━━━ PROVIDED DATA
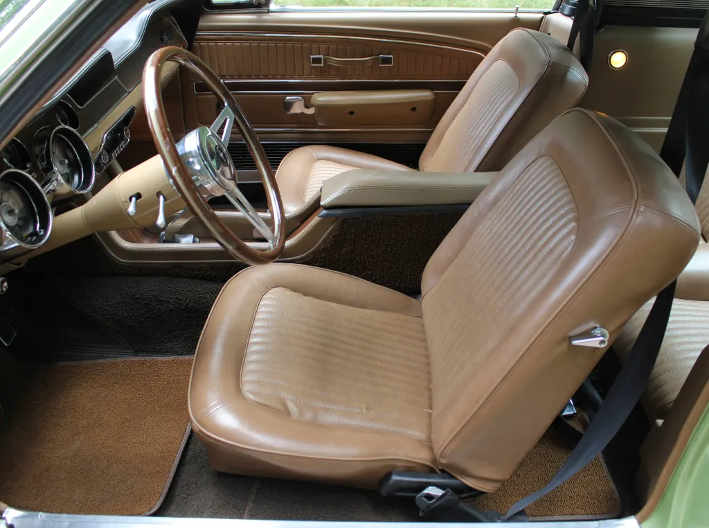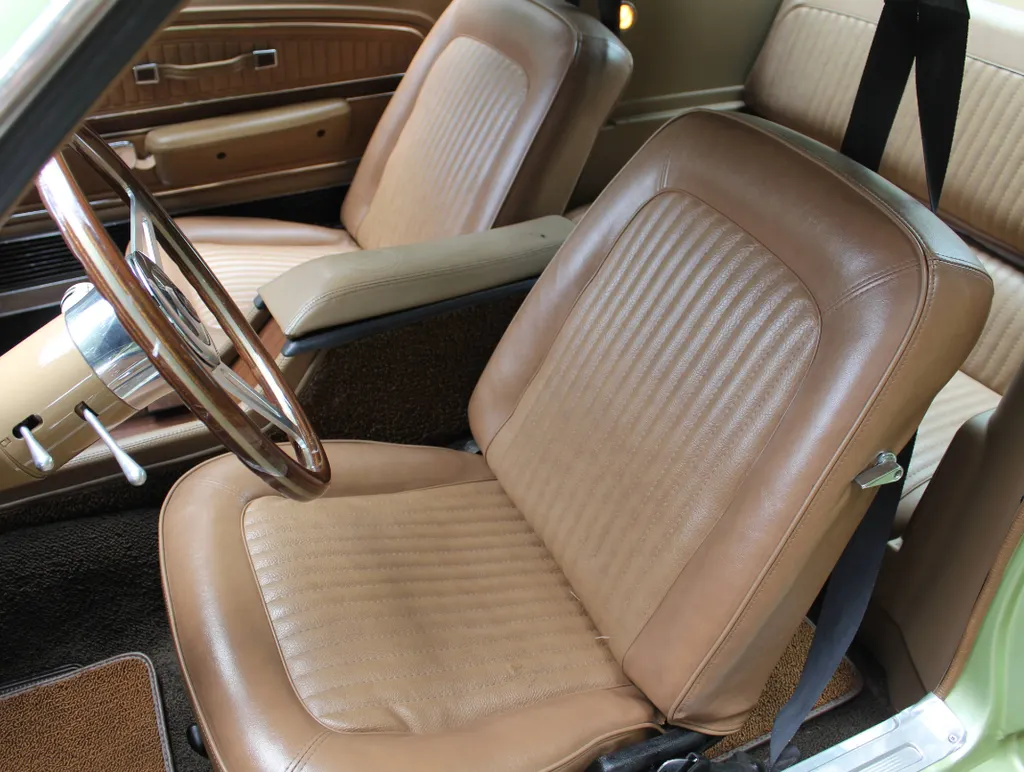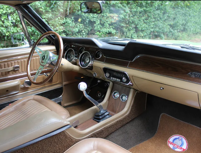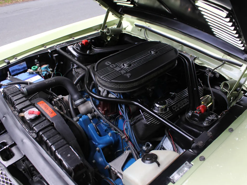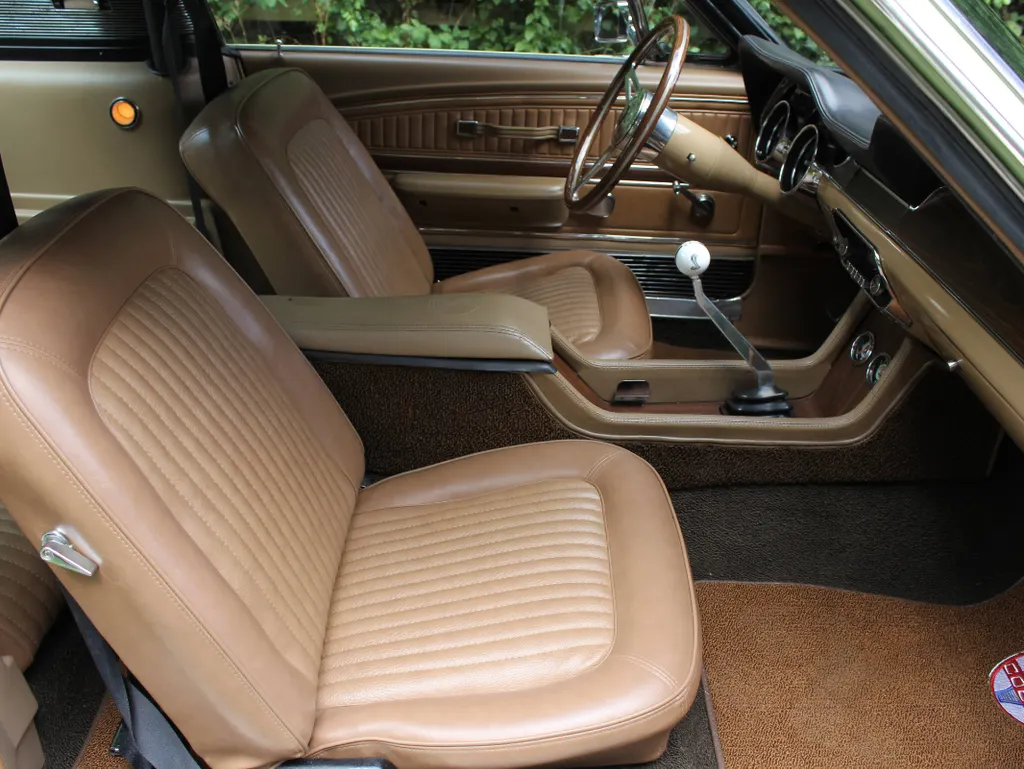 This beautifully rebuilt genuine Shelby Mustang GT500 was built on the on the 11th January 1968 at the Metuchen plant, finished in beautiful Lime Gold paint and Saddle Vinyl luxury interior. MDM 691G returns to us from a regular customer who has enjoyed many faultless miles and carried out meticulous detailing in the engine bay. The car was supplied new by Kimnach Ford Inc, Virginia Beach, Norfolk, VA and featured shoulder harness, extra cooling package, wheel lip mouldings, power disc brakes, power steering and tilt away steering wheel, all confirmed by the Marti Auto Works report. Our example has been subject of a two major bare shell rebuilds by a UK specialist and has completed minimal miles since completion. The car was brought over to the UK in 1989 and from old MOT certificates we can see the Mustang covered around 1000 miles up to 2001. The Shelby along with a collection of other cars was then dry stored for almost 15 years and discovered in 2015 when the full restoration was commissioned. The rebuild was finished to an exceptionally high standard and completed by 2017. A comprehensive file of paperwork accompanies the car detailing thousands of pounds worth of expenditure. Photos show the bare shell being prepared and fully painted, including underside, then fitted up with some new and some re chromed brightwork. The interior was fully re-trimmed and the car mechanically overhauled as required. The original engine was treated to various work to include new pistons, con rods, main bearings, oil pump, a five speed gearbox was fitted, new power steering and the brakes and suspension overhauled along with various ancillaries. The car has been finished to an exceptional standard, It is mechanically outstanding and presents beautifully in showroom condition. The underside is presented in first class order with beautifully painted floor pans, the engine bay is of show quality and the bodywork and paint finish are top quality. The interior has been beautifully finished, and on the road the car offers incredible power and performance, and will most certainly not disappoint. A true collectors piece.
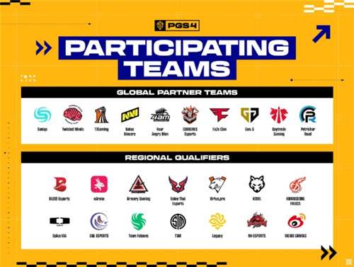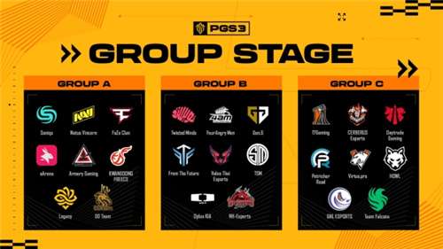 通过各个区域性赛事的选拔,共计24支战队成功晋级本次PGS3,所有战队会被分成A、B、C三个小组内,并通过3天的循环赛,角出前16名晋级总决赛。以下是进入总决赛的16支战队名单:TWIS战队、CES战队、NH战队、Soniqs战队、TSM战队、EA战队、VLTH战队、GNL战队、KDF战队、PeR战队、HOWL战队、KRG战队、FaZe战队、17Gaming战队、NAVI战队、WBG战队。
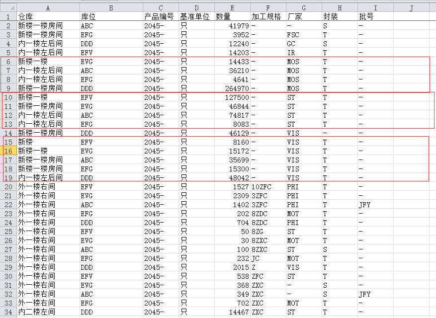 如图,如何在查询产品库存时,将三个红色方框中的多条记录合并成为三条记录(忽略产品所在仓库与库位的不同)呢?建议老师在库存报表中添加忽略产品的仓库与库位,只按照产品的不同行业属性或扩展属性统计库存的库存报表。
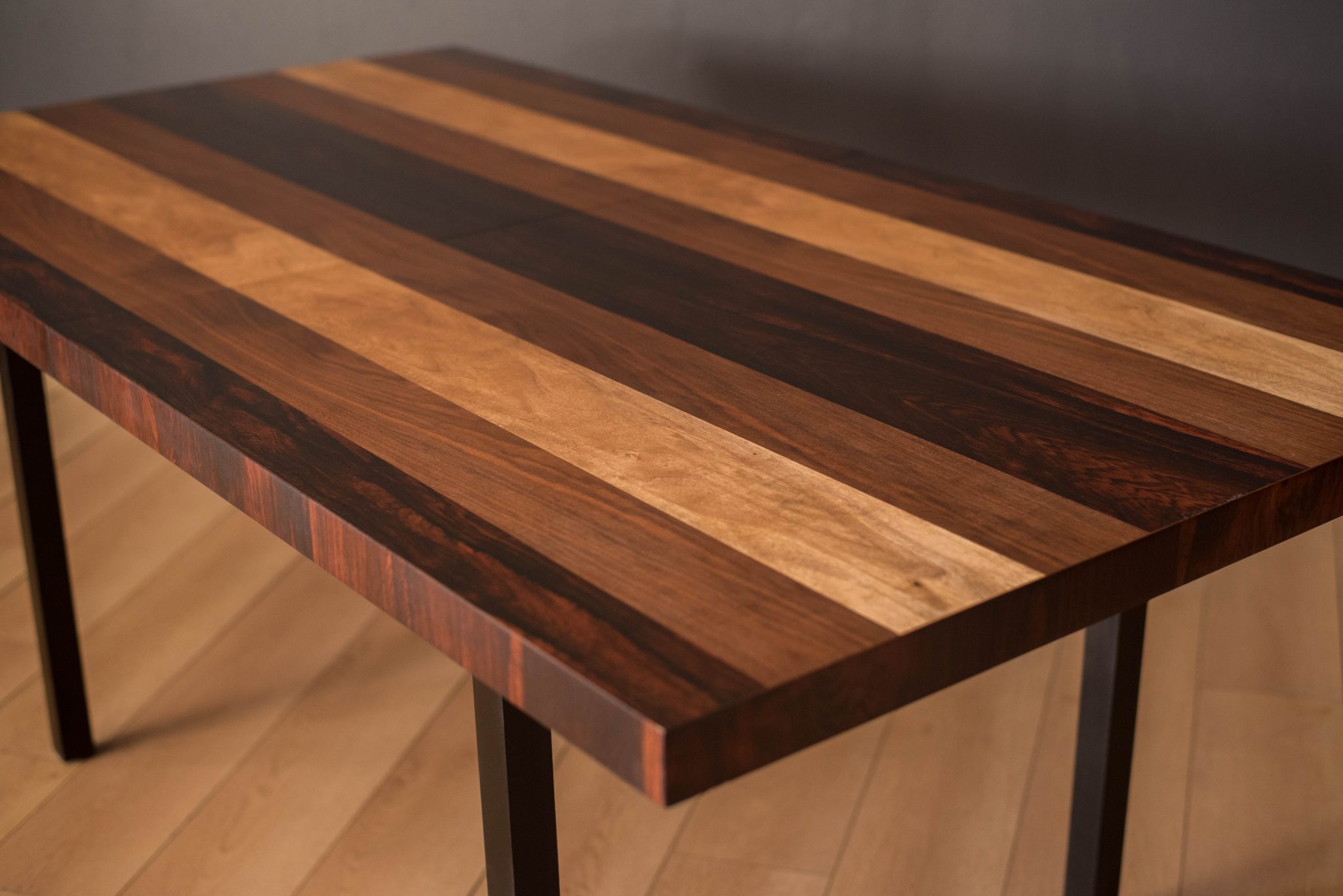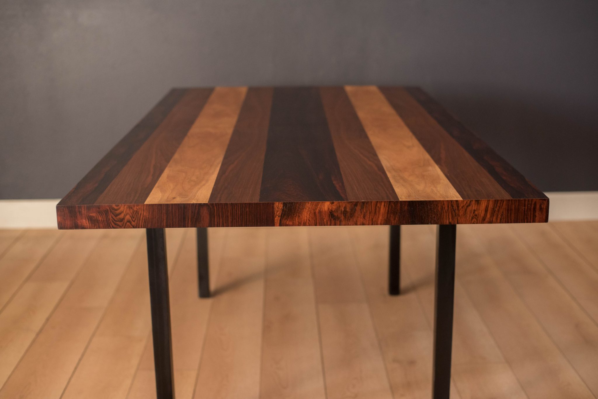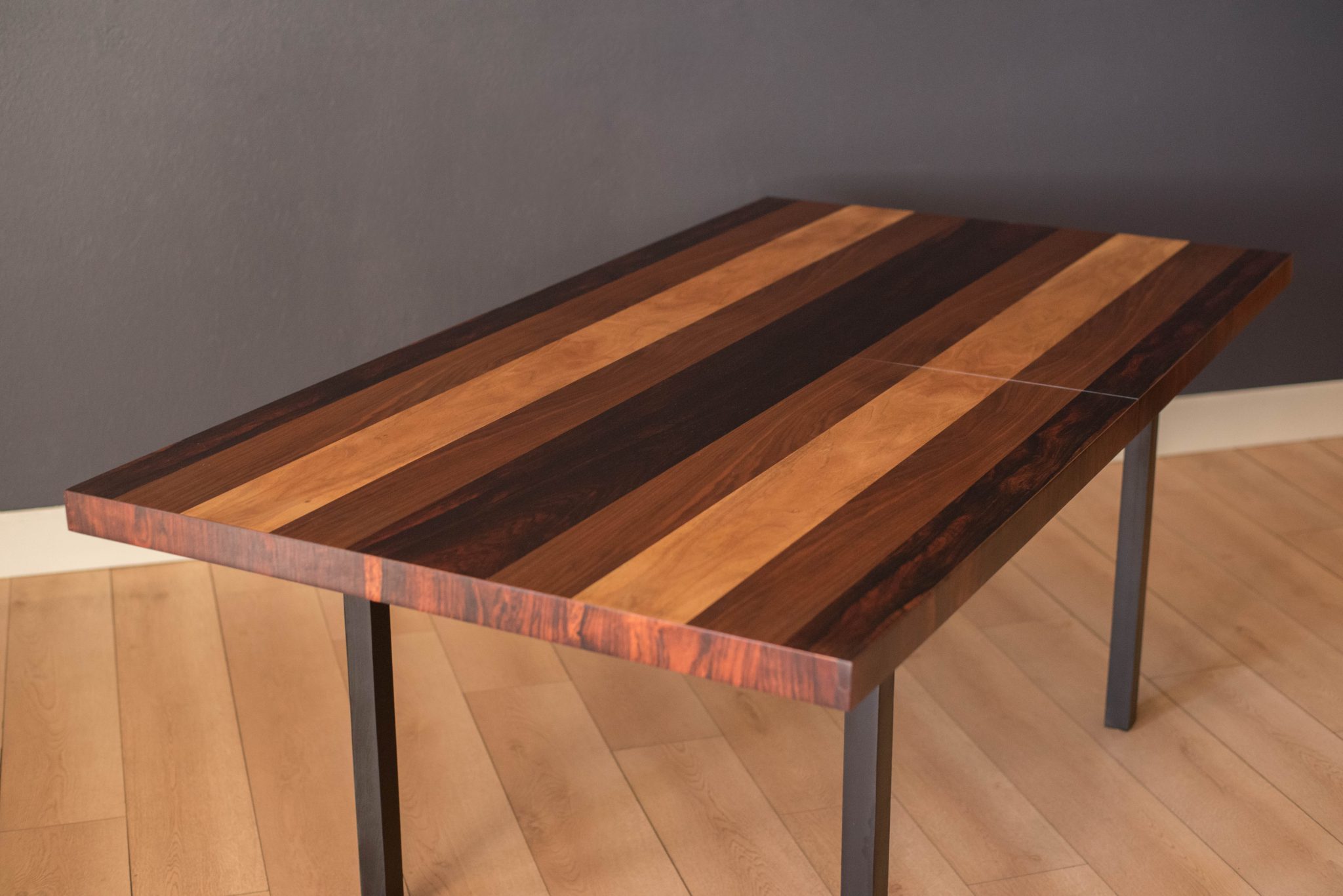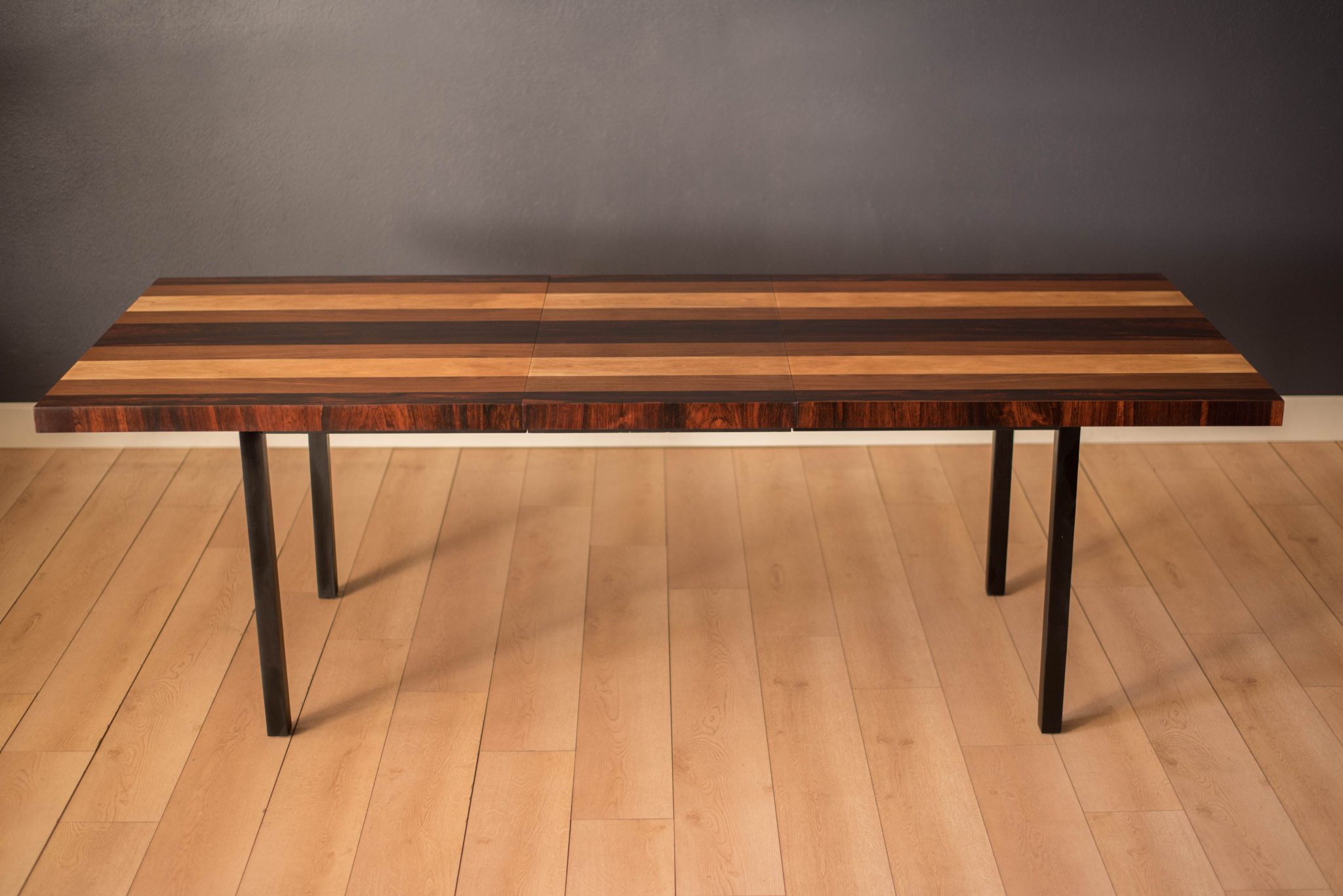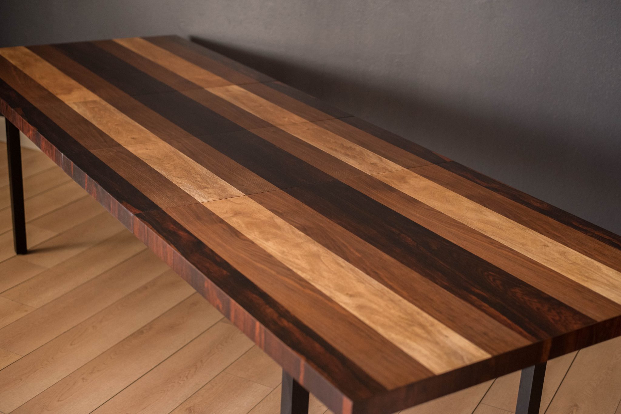 Vintage extendable dining table designed by Milo Baughman for Directional. This classic contemporary piece is comprised of 3 different contrasting wood tones: rosewood, ash, and walnut. Supported by four black ebonized square legs and includes two additional leaves that fit up to 10 seats.
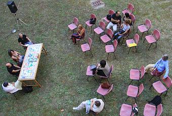 Il cortile dei loggiati di San Domenico, che stanno tornando pian piano ad essere il centro pulsante della città, è il luogo dove, nel tardo pomeriggio, avvengono le presentazioni e gli incontri con gli autori.
━━━━━━
TO DO
Copy exactly the lines from the line containing "通过各个区域性赛事的选拔,共" through the last line of the records, both included, and omit every picture.

FINISHED TASK
 通过各个区域性赛事的选拔,共计24支战队成功晋级本次PGS3,所有战队会被分成A、B、C三个小组内,并通过3天的循环赛,角出前16名晋级总决赛。以下是进入总决赛的16支战队名单:TWIS战队、CES战队、NH战队、Soniqs战队、TSM战队、EA战队、VLTH战队、GNL战队、KDF战队、PeR战队、HOWL战队、KRG战队、FaZe战队、17Gaming战队、NAVI战队、WBG战队。
 如图,如何在查询产品库存时,将三个红色方框中的多条记录合并成为三条记录(忽略产品所在仓库与库位的不同)呢?建议老师在库存报表中添加忽略产品的仓库与库位,只按照产品的不同行业属性或扩展属性统计库存的库存报表。
 Vintage extendable dining table designed by Milo Baughman for Directional. This classic contemporary piece is comprised of 3 different contrasting wood tones: rosewood, ash, and walnut. Supported by four black ebonized square legs and includes two additional leaves that fit up to 10 seats.
 Il cortile dei loggiati di San Domenico, che stanno tornando pian piano ad essere il centro pulsante della città, è il luogo dove, nel tardo pomeriggio, avvengono le presentazioni e gli incontri con gli autori.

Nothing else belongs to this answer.